INPUT DATA Start Marker
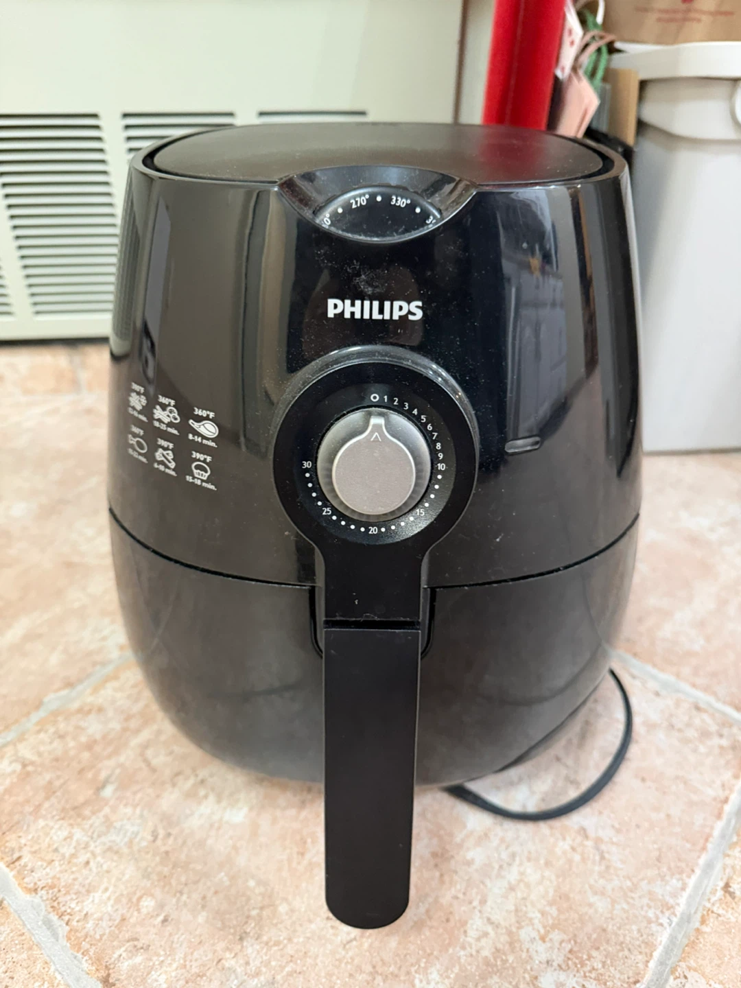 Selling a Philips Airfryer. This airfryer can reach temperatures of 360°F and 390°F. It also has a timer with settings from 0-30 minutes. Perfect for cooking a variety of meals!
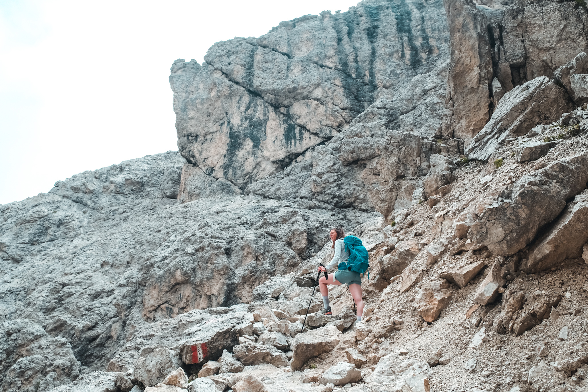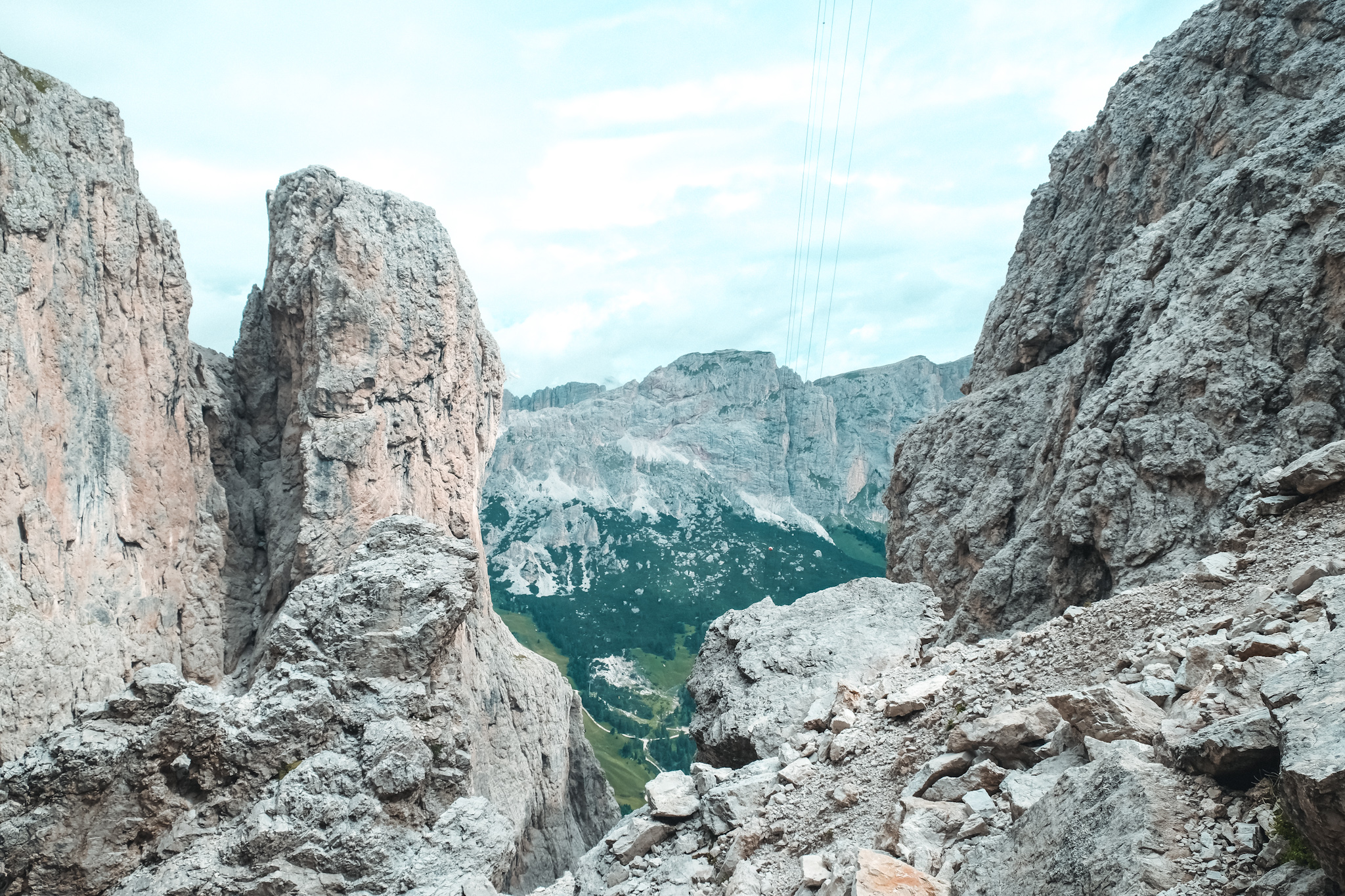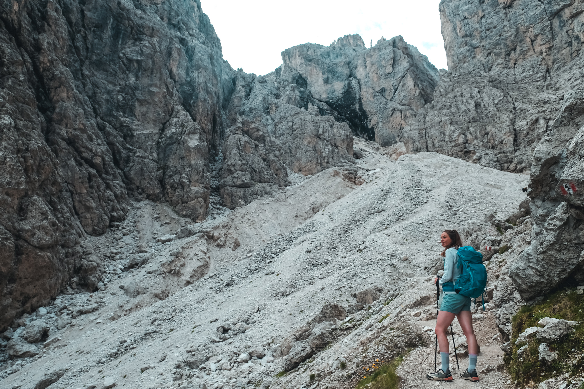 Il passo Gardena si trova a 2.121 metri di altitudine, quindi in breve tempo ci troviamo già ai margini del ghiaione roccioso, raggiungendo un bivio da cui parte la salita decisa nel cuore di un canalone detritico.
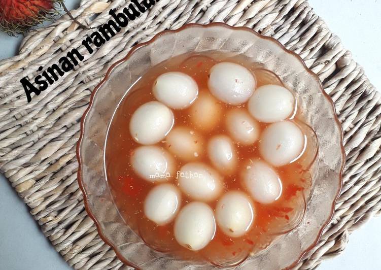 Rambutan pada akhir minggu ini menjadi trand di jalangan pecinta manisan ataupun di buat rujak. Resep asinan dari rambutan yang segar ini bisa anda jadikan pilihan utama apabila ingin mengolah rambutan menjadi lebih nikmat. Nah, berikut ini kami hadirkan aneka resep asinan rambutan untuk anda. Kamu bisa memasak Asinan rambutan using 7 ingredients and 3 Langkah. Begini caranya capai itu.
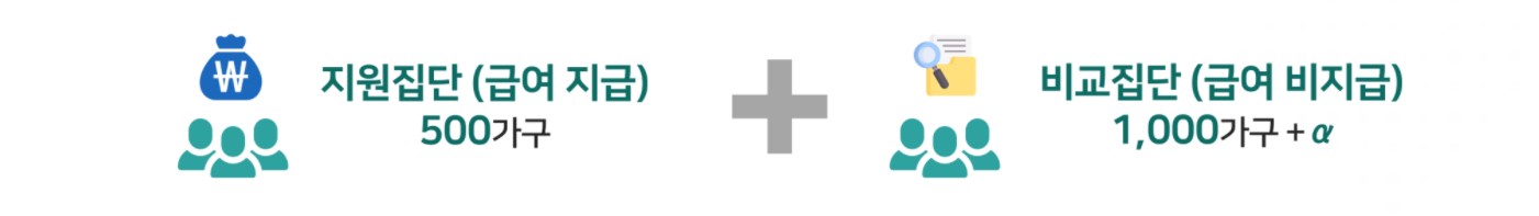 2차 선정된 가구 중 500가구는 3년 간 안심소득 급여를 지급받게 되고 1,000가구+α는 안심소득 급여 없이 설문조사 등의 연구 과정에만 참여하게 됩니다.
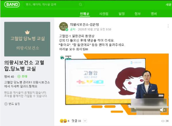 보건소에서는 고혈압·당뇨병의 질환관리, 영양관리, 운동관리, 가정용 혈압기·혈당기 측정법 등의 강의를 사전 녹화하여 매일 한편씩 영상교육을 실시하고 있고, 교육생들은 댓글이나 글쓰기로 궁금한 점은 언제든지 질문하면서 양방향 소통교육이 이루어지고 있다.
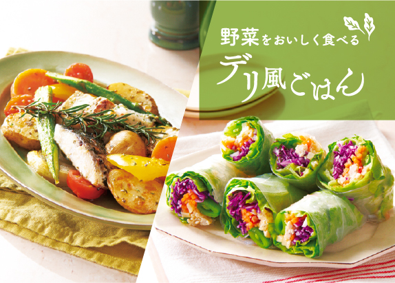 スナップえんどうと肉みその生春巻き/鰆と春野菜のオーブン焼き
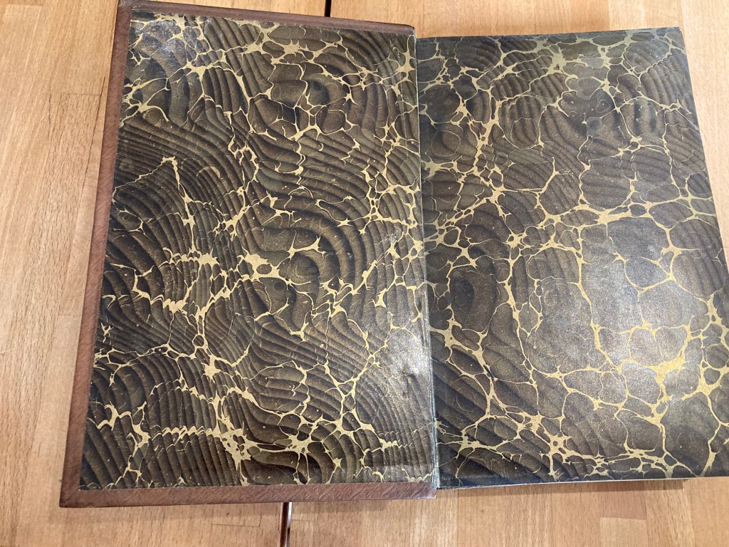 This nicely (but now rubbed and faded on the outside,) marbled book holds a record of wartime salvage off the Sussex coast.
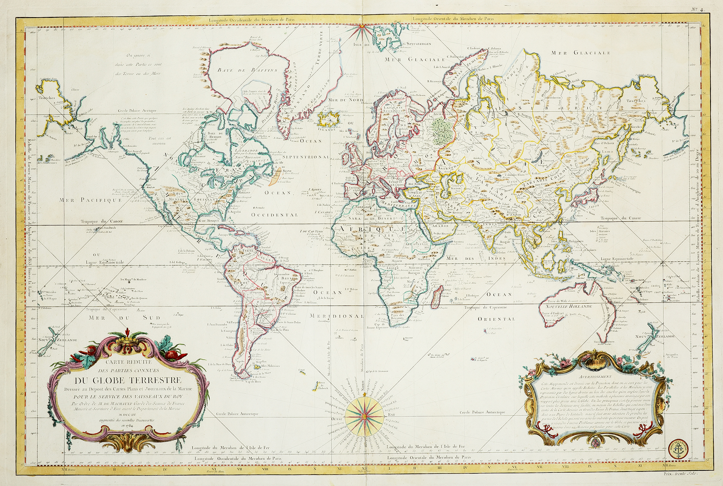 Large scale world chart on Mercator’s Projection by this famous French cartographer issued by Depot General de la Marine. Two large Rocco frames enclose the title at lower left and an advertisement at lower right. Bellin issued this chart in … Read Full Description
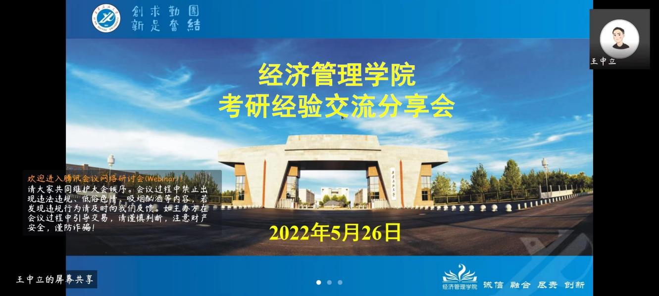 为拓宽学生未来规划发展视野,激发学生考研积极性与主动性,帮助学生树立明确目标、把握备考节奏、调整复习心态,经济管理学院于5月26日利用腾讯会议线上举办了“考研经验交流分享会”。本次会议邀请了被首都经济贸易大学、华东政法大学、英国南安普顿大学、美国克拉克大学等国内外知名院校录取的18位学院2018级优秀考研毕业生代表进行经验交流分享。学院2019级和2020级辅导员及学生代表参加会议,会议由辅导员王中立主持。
INPUT DATA End Marker
WHAT THE EXERCISE ASKS: Above are the records; copy from them only the lines starting at the one containing "スナップえんどうと肉みその生春巻き/鰆と春野菜のオーブン焼き" and ending at the one containing "Large scale world", exactly and without pictures.

RESPONSE TO THIS TASK:
 スナップえんどうと肉みその生春巻き/鰆と春野菜のオーブン焼き
 This nicely (but now rubbed and faded on the outside,) marbled book holds a record of wartime salvage off the Sussex coast.
 Large scale world chart on Mercator’s Projection by this famous French cartographer issued by Depot General de la Marine. Two large Rocco frames enclose the title at lower left and an advertisement at lower right. Bellin issued this chart in … Read Full Description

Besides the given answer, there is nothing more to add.